Cuando me trasladaron de prisión, el Jefe de Orden Interior esperaba junto a diez guardias; con razón los reclusos notaron una maniobra inusual que los mantuvo expectantes. Se corrió la voz que traerían a alguien peligroso, hubo quien comentó si sería un monstruo parecido a Lecter el caníbal, provocando temor en la población carcelaria, hasta que supieron por mi condición de plantado, que se trataba de un político. Me lo cuenta el preso más cercano, dice alegrarse de que soy buena persona porque así no dañaré a los elefantes. Quedo callado intentando entender la broma. Luego asegura que pastan afuera. ¿De qué hablas?, interrogo. ¡Acaso no puedes verlos!, responde. Están ahí, delante de tus ojos, afirma, detrás de esa aparente oscuridad. Su piel es de un verde raro. Y miro con insistencia porque deseo divisarlos, lo necesito, y la vista se extravía en la intensidad, semejante a un papalote que al partir el hilo se hace cómplice del viento y se eleva hasta perderse entre las nubes, caigo en el vacío, un mareo me remueve, giro, actúa como droga, me traslada en tiempo y espacio; entonces comienzo por percibir un movimiento tenue, hojas movidas por el aire, huelo a tierra y a hierba húmedas de rocío, y veo a los mastodontes en su hábitat natural, danzando sus trompas, acompasadas por la melodía del oboe de Dios.

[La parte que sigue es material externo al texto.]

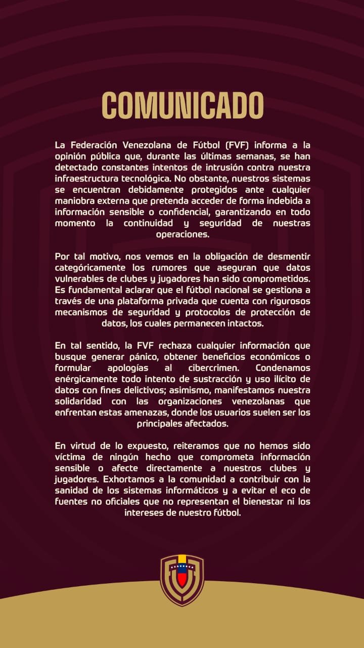 Según el documento publicado por el máximo ente del fútbol en Venezuela, durante las últimas semanas se han detectado «constantes intentos de intrusión» contra sus sistemas. Sin embargo, la FVF fue enfática al asegurar que sus protocolos de seguridad han funcionado correctamente.
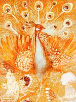 Een expressionistische illustratie van een pauw in geselecteerde regenboogkleuren op een prachtige achtergrond.
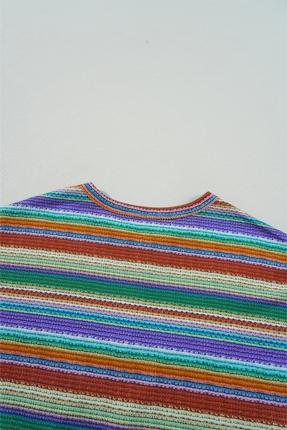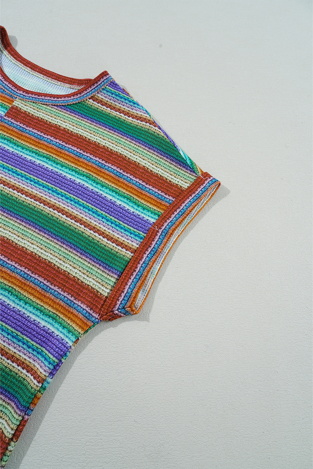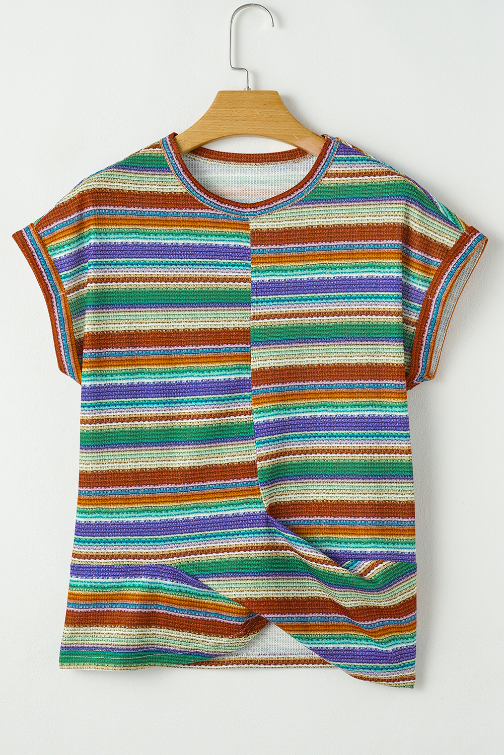 Multicolour Striped Pattern Twist Hem Short Sleeve Top
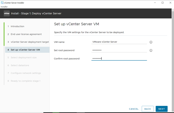 ・vCSAのVM名、ユーザー名、パスワードの設定
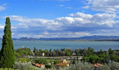 O Lago Trasimeno é uma massa de água na província de Perugia na Úmbria, situada a cerca de 30 quilómetros a oeste da capital regional. A água é pouco profunda e rodeada por colinas suaves cobertas de vinhas e olivais, enquanto três pequenas ilhas habitadas estão dispersas pela sua superfície.
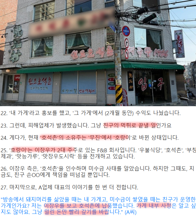 이장우 순댓국 미정산 사건은 과연 누구 잘못일까요?
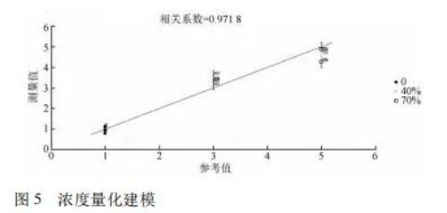 濃度量化建模采用的方法為偏最小二乘法(PLS),可使色譜圖數(shù)據(jù)與濃度值間建立線性關(guān)系,起到對(duì)未知樣品濃度進(jìn)行預(yù)測的作用。本實(shí)驗(yàn)中采用預(yù)先調(diào)配的金銀花粉末,將摻入完全開花粉末比例設(shè)為濃度,即濃度量化建模中的因變量,以所測得氣相色譜圖數(shù)據(jù)作為自變量,進(jìn)行濃度量化建模。為實(shí)現(xiàn)較好的鑒別結(jié)果,將PCA及DFA組間區(qū)分較為良好的0,40%,70%完全開花金銀花粉末摻入比例作為節(jié)點(diǎn),并將0,40%,70%濃度分別設(shè)為1,3,5,進(jìn)行濃度量化建模,所得結(jié)果見圖5,相關(guān)系數(shù)為0.9718。建模后,將10%,20%,30%,50%,60%,80%,90%,100%的原始色譜數(shù)據(jù)進(jìn)行投影驗(yàn)證,可得到較好的濃度預(yù)測結(jié)果,模型良好。另外,根據(jù)此模型,可實(shí)現(xiàn)基于摻入完全開花金銀花粉末比例的質(zhì)量分級(jí),即濃度預(yù)測結(jié)果小于3,為金銀花粉末中摻入完全開花粉末量低于40%,列為一等;濃度預(yù)測結(jié)果不低于3且小于5,為金銀花粉末中摻入完全開花粉末量在40%~70%,列為二等;濃度預(yù)測結(jié)果不低于5,為金銀花粉末中摻入完全開花粉末量不低于70%,列為三等。
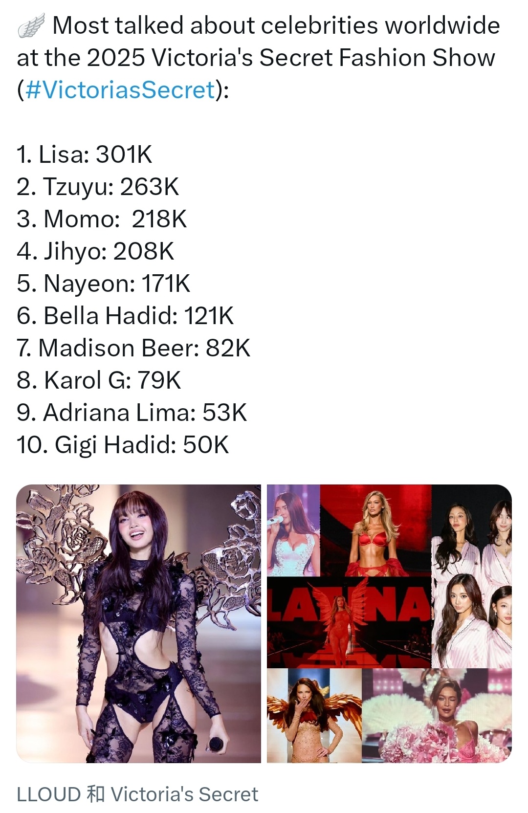 2025“维多利亚的秘密”时装秀全球热议名人⬇️Lisa人未到但热度第一!!!女
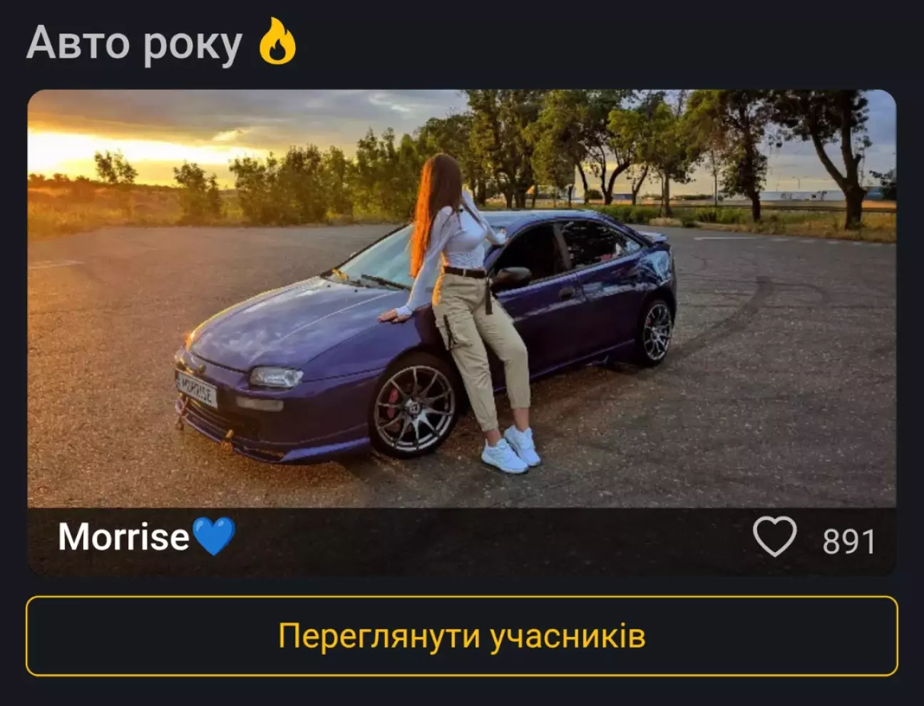 І для мене ця перемога - дуже значуща подія. Хтось мене зрозуміє, особливо ті, хто віддав голос за мою машину. Саме ви додали до її історії нову главу - до історії, яку наповнюю сенсом я.

–¡Disfrutaste! –interrumpe el vecino–. Ahora descansa del extenso viaje… Yo vigilo y los protejo.

Me siento extenuado, el cuerpo sudoroso. Las piernas engarrotadas como si hubiese atravesado la selva. Una sed impertinente araña mi garganta, gatos que apuran su escapada. Me duermo en el letargo de un desmayo.

Ignoro al Director del penal que con amenazas intenta que vuelva a comer. Después que se va, los presos preguntan si voy a mantenerme, asustados de que abandone gritan que soy como Mandela, les estás ganando, los tienes preocupados, no te quites.

Sienten mi risa y aplauden.

–Se queda –avisa el que se hace llamar Isla.

Esa noche me visitan los mareos, apenas hago un movimiento la oscuridad da vuelta. No sabía que en medio de la nada puedo perder un punto que, aunque no logre ubicarlo, existe.

Constantemente los presos se interesan en cómo sigo, con responderles “sigo” es suficiente. Rechazo a los médicos que vienen a tomarme los signos vitales. Lo peor no es ni siquiera el hambre que desaparece a partir del tercer día, es el miedo a perder los dientes, la visión, vomitar sangre y después ya no ser el mismo si sucede lo peor: quedar vivo; pero el sacrificio vale, porque un grito en la penumbra rompe con luz propia en el pecho que recibe la agonía.

Entonces en aquella soledad, una voz cercana me llama por el sobrenombre de Mandela y no respondo, no deseo ser otro, definitivamente no lo acepto. Me surge la desconfianza, pueden ser ensueños, juegos de la imaginación, trampas mentales que quieren salvarme. Pero insiste, soy yo Isla, me sacaron a pelar, dice y me acerco a la reja, ¿qué?; sé fuerte, pide, resiste, estamos orgullos por ti, nos vemos representados en tu lucha, si haces venir a los Fiscales tendrán que tenernos en cuenta a nosotros también. Como somos causas comunes no les importamos, explica, nunca escucharon a los dos que murieron meses atrás en esa misma celda donde estás. He tragado vidrios, cucharas, sin lograr llamar la atención sobre mis quejas, exigiendo mis derechos contra las injusticias cometidas. No les interesamos.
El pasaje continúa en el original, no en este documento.